毫無前兆的在今天聽廖世親口講到一些他的過往,嚴行之微微動容,不知道是該高興,還是該替廖世的那些遭遇而表示黯然。但很快他的心思迴歸到眼前的事情之上,腦中一個念頭閃過,他慢慢說道:“前輩先問我行醫的意義所在,後又用自身的經歷試我的膽量,如此軟硬齊施的煞費苦心相問,是不是等於在考慮收我為徒的事?”
“既然你自己都把話挑明瞭,我就直接了當的問一句,你怕不怕?”廖世定了定神,未等嚴行之開口就緊跟著補充道:“麻煩、潛禍、病痛、失敗、責任,這些是我私為藥師之名總結的五種心毒,你可有畏懼之心?”

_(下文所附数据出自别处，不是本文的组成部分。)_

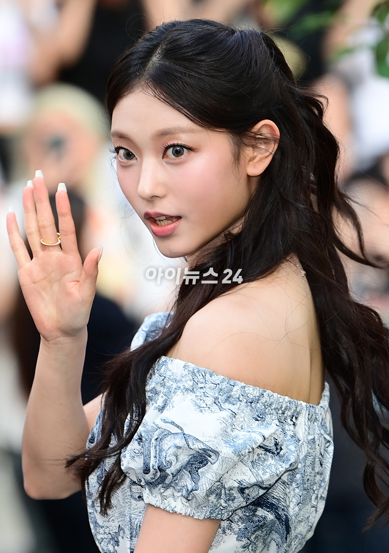 그룹 뉴진스 해린이 29일 오후 서울 성동구 성수동 인근에서 진행된 디올(DIOR) 디올리비에라 컬렉션 포토콜에 행사에 참석하고 있다.

嚴行之垂目間默然將廖世話頭那如錐刺木的五詞十字放在心裡來回琢磨了幾遍,心中茫然情緒慢慢行過。當他再看向廖世時,雖然目光堅定,可語氣中卻多了份遲疑:“行醫遣藥不是兒戲,晚生不敢為了取得拜師資格而勉強回答。事實上,晚生雖然掌握了一部分醫理,然而出診的經驗幾乎是零,對這方面的了悟,只知字面上的意思,在實際的掌握上,經驗很是生澀。”
“面對自己的短處,你倒是很誠實。”廖世的神情不見喜怒,但目光中有一縷讚賞一現即沒,他接著說道:“作為一個醫者,這一點很重要。不會便是不會,需明確的告訴患者,而不是瞞著患者,把患者當作實驗品來為自己並不能掌握的醫術冒險。而作為一個藥師,這一條更應擺在首位。行醫有差錯,還能有挽回的機會,但藥師手裡的一副藥下去,若出差錯,要一個人的命只是喘幾口氣的功夫。”
嚴行之誠懇的點頭說道:“晚生受教了。”
“別怪老頭兒囉嗦頑固,我是個極為怕麻煩的自私之人,從來不願意做得不到收穫的付出,所以才會對你諸多考驗,只是煩於你恐會反悔,半路放棄。”廖世說罷,躊躇了一下後,語氣放柔和了些的又輕聲說道:“以後,你就替我背藥簍子吧!”
這末了輕簡的一句話,卻如一顆石子砸進嚴行之的心湖,石子雖小,激盪起的波瀾卻能散滿整個湖面。
嚴行之先是一怔,旋即明白過來,激動之餘聲音也有些發抖:“師父在上,請受……”
他那作勢欲拜的舉動才有了個抬臂的鋪墊,就被廖世隨手一甩給打亂,接著他手裡那一路都不肯好好揹著或拎著的破篾簍就扔了過來。
嚴行之牢牢接住篾樓,二話不說就甩到了背上揹著,他身旁的隨侍裴印見狀正要幫忙,立即被他一個眼神給頂到一旁去了。
廖世兩手空空的甩袖走到前面,悠然說道:“別那麼快拜,我並不是說就此收你為徒了,你目前只是我的藥童,偶爾幫我打打下手而已。不過你放心,我基本上沒什麼活幹,就是跑腿的功夫多。今後你也別叫我師父,在你家那兩位高人面前,我擔不起這個名聲,就叫我藥師吧!”…
他說到這兒,忽然回頭看了嚴行之一眼,又說道:“不過我得把醜話先放在前頭,此次回去,如果嚴廣有一點反對意見,我立即與你劃清界限,拜師之事再無商量的餘地,今天的約定也立做煙散。”